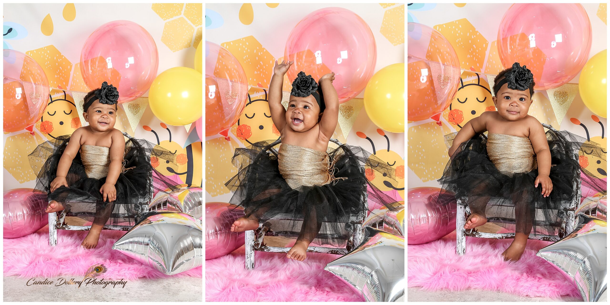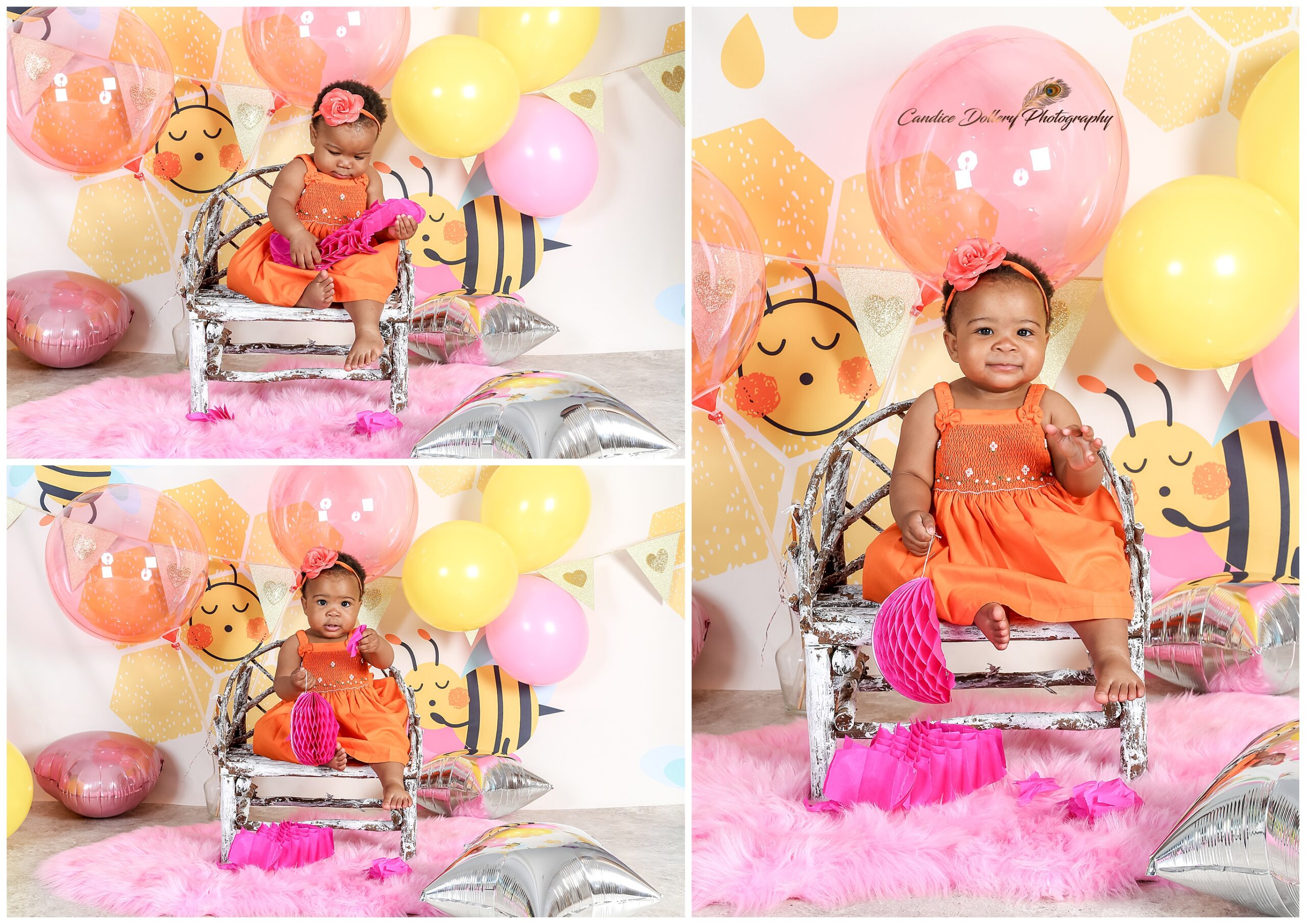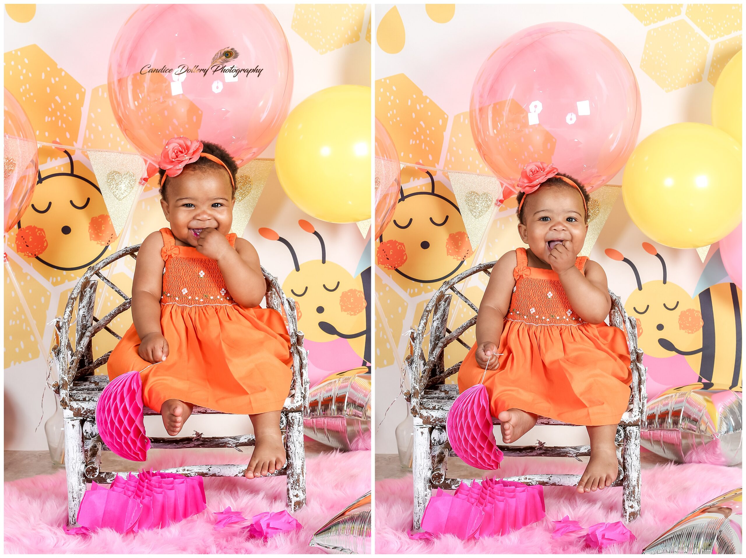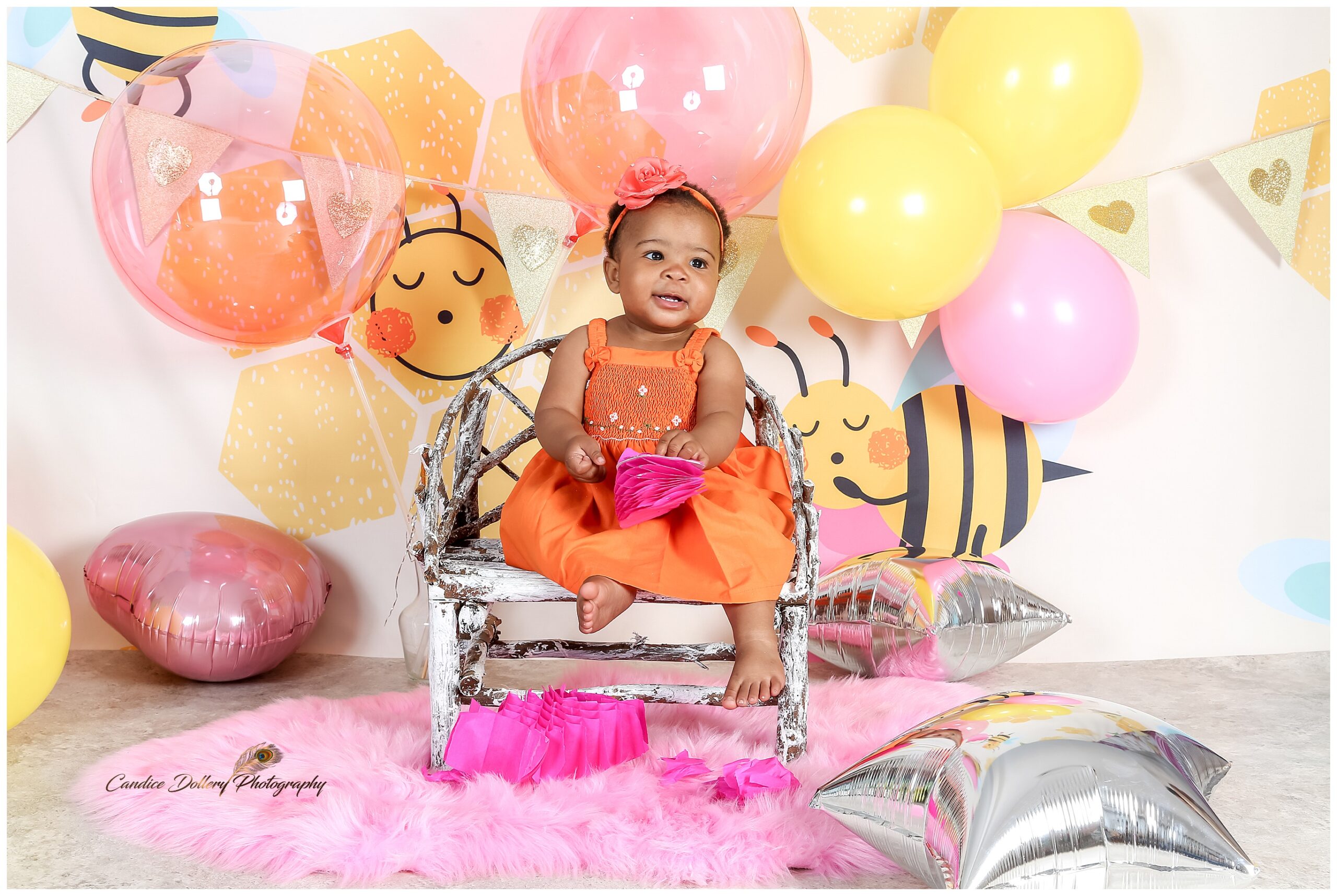 Simi showed us how much fun it is to “bee” ONE. The bee themed cake smash setup was perfect !
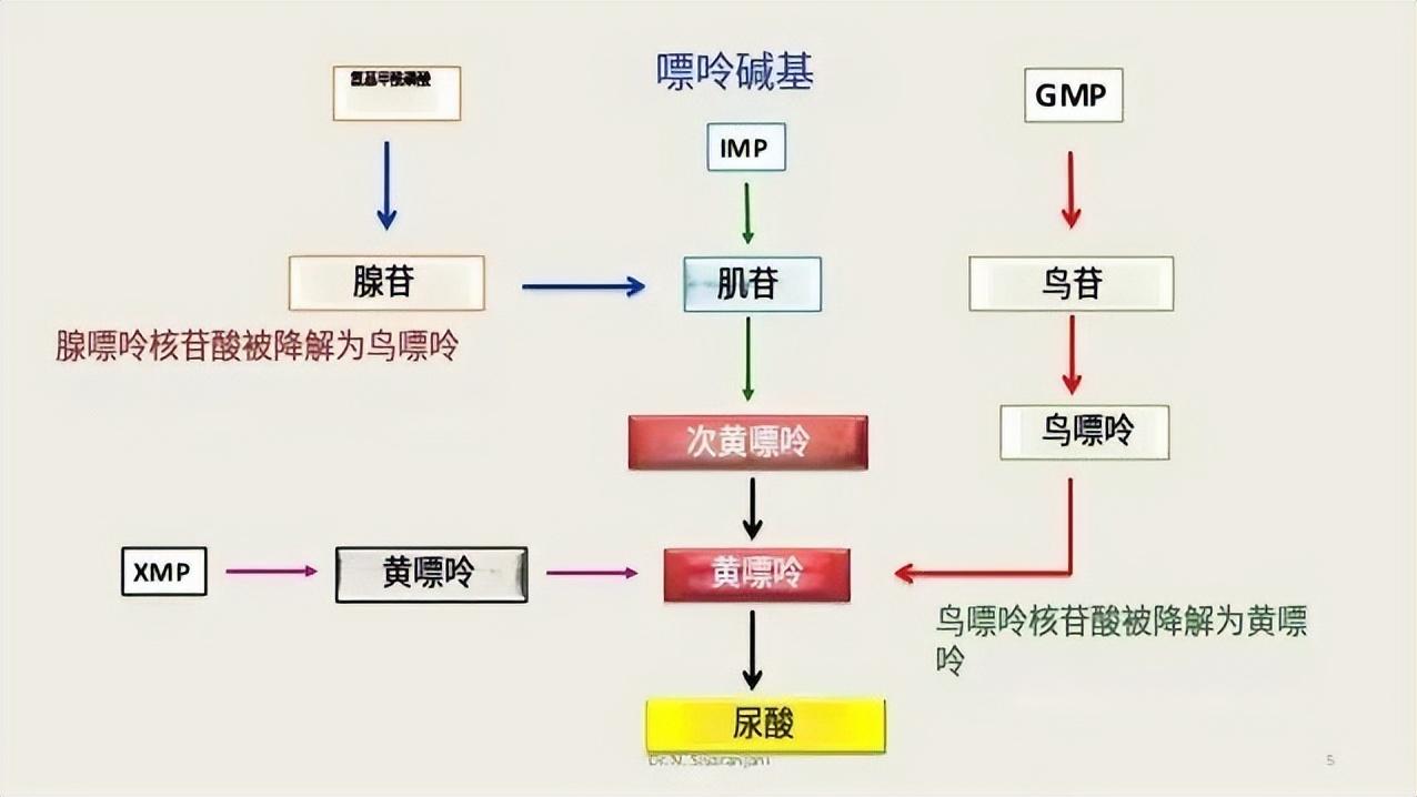 嘌呤這玩意很多食物裏有,咱身體自己也生成,大約80%的嘌呤都來自身體細胞分解,只有20%是喫進去的。
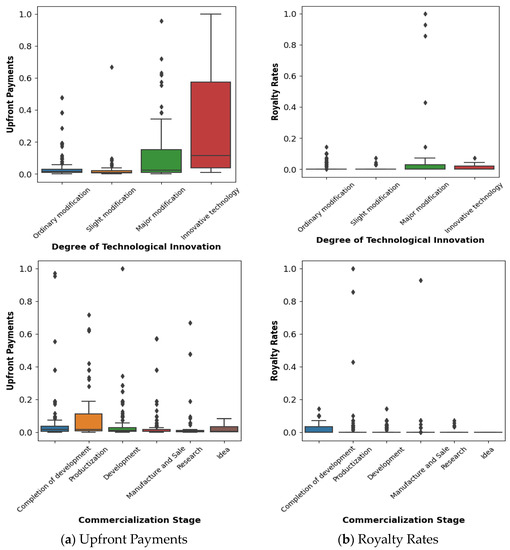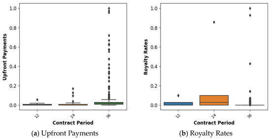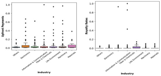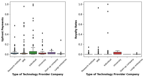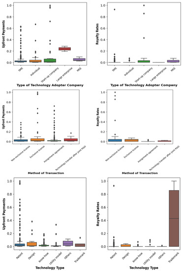 Similarly, concerning royalty rates, the ‘Trademark’ technology type exhibited a pronounced distribution. This phenomenon can be attributed to the inherent nature of ‘Trademark’ technologies, which frequently involve the payment of a fraction of ongoing sales as royalties. The comprehensive analysis presented above adds further depth to the insights gleaned from Table 3.

**TASK ITEM**
Line for line, restate the data above and omit every picture.

**EXPECTED OUTPUT**
 Simi showed us how much fun it is to “bee” ONE. The bee themed cake smash setup was perfect !
 嘌呤這玩意很多食物裏有,咱身體自己也生成,大約80%的嘌呤都來自身體細胞分解,只有20%是喫進去的。
 Similarly, concerning royalty rates, the ‘Trademark’ technology type exhibited a pronounced distribution. This phenomenon can be attributed to the inherent nature of ‘Trademark’ technologies, which frequently involve the payment of a fraction of ongoing sales as royalties. The comprehensive analysis presented above adds further depth to the insights gleaned from Table 3.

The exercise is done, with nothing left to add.